» EXERCISE PROMPT:
Output only the lines below that start at the line containing "For each student" and end at the line containing "Abito sottoveste (slip", with both ends kept.

» DATASET CONTENT:
^^^^
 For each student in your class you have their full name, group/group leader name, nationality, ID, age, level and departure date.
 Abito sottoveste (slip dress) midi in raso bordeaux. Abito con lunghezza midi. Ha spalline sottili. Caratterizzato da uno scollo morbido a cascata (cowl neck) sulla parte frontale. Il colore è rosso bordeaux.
^^^^
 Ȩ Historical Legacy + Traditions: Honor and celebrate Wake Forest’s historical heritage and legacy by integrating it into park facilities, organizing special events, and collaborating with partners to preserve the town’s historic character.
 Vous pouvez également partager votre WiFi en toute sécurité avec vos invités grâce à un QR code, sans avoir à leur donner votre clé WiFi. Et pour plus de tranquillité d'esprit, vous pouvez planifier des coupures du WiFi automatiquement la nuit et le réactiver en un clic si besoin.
^^^^
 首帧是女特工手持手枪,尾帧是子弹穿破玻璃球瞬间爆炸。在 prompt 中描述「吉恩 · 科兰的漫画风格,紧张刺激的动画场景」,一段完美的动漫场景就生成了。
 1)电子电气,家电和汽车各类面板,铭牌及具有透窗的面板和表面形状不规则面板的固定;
^^^^
» EXPECTED ANSWER:
 For each student in your class you have their full name, group/group leader name, nationality, ID, age, level and departure date.
 Abito sottoveste (slip dress) midi in raso bordeaux. Abito con lunghezza midi. Ha spalline sottili. Caratterizzato da uno scollo morbido a cascata (cowl neck) sulla parte frontale. Il colore è rosso bordeaux.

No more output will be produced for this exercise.